Women are thought to be more competent in handling several responsibilities while being aware of future risks. Furthermore, although women continue to face salary equality in most sectors worldwide, this has given them a sense of security, i.e. it is more or less a fact that women are more likely to begin long-term investments and retirement planning.
But that’s not all. Many women also start thinking about retirement at a young age. However, it is still a challenge to save a good amount of money every month to help them deal with financial difficulties at any time in their lives. However, with good long term planning, money management gets easier and more fruitful. Stated below are some helpful money management tips that aid your planning:
- If you’re a stay-at-home mom with no source of income, you’ll understandably strive to squeeze every last penny out of your monthly household budget. However, you should always put aside some money for the future.
- You could put your money into hybrid funds, RDs, NCS, and similar products. The post office offers a monthly recurring deposit programme with a high-interest rate. Set up a systematic investment plan (SIP) to invest in gold mutual funds or SGBs if gold is your thing.
- Whether you are a widow or a divorcee with children, you are responsible for your children’s emotional and financial well-being. Therefore, you will have to plan for your retirement and your children’s education and marriage. When you’re in this situation, you’ll need to look for safe, low-risk investments.
- If you’re still young and have experienced the loss of your other half, you still have time to consider retirement. Your spouse probably has a large term life insurance policy with you as a beneficiary. Use the proceeds to pay off your mortgage, followed by family health insurance, education preparation, and your own life or term insurance.
PPF, NPS, and balanced mutual funds should be used to invest any remaining cash and contributions from your monthly income.

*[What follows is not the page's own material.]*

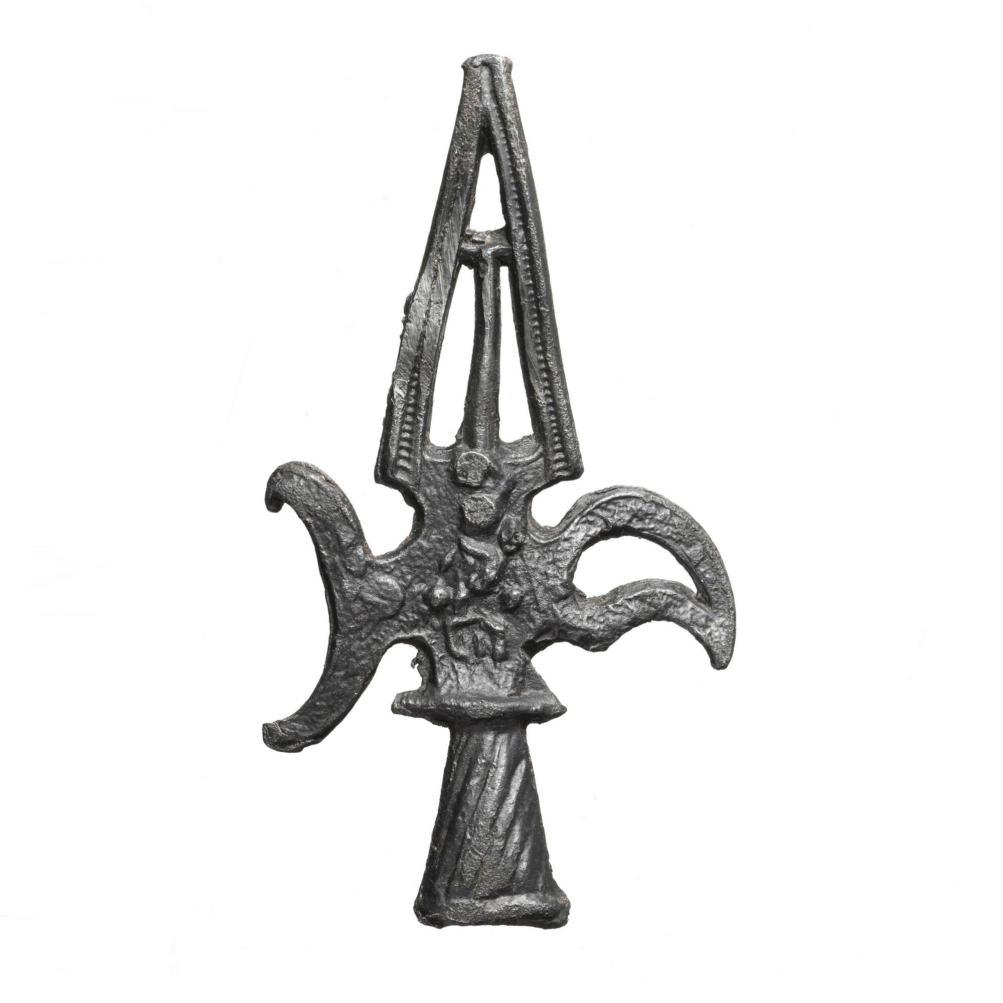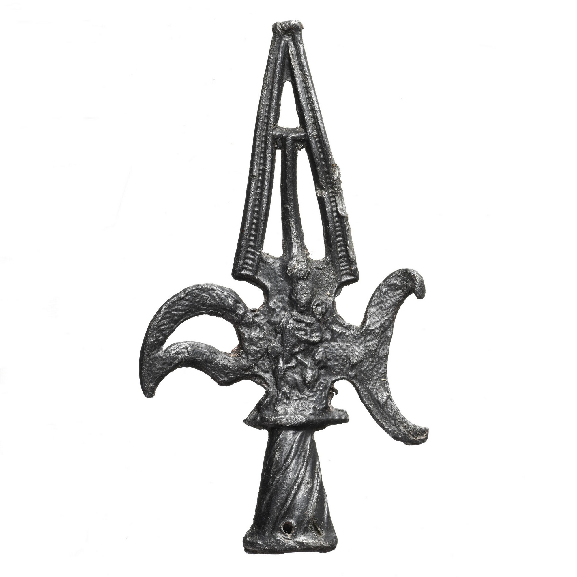 Hellebaard, miniatuur; versierd met figuren aan beide zijden; Charitas; vondstomstandigheden: Westerdijk, Hoorn, tussen Park Schouwburg en Visserseiland, stortvondst

- If you’re a divorced person who receives regular maintenance and alimony, the criteria should be similar. But, of course, it’s not always easy to be able to invest a large sum in any product. Still, a SIP will suffice, especially because it fosters discipline by automatically setting aside a percentage of your monthly intake (income plus maintenance) without any conscious effort on your part.
- You should set aside 6 months of your expenses in an emergency fund in either situation. Any EMIs you have should be included as well.
As your income grows, you should shift your focus away from your family’s future and toward your own. Diversifying your financial portfolio and investing in less risky items should become the standard. Above all, you should analyse your portfolio at least once a month to eliminate risks that aren’t aligned with your financial objectives.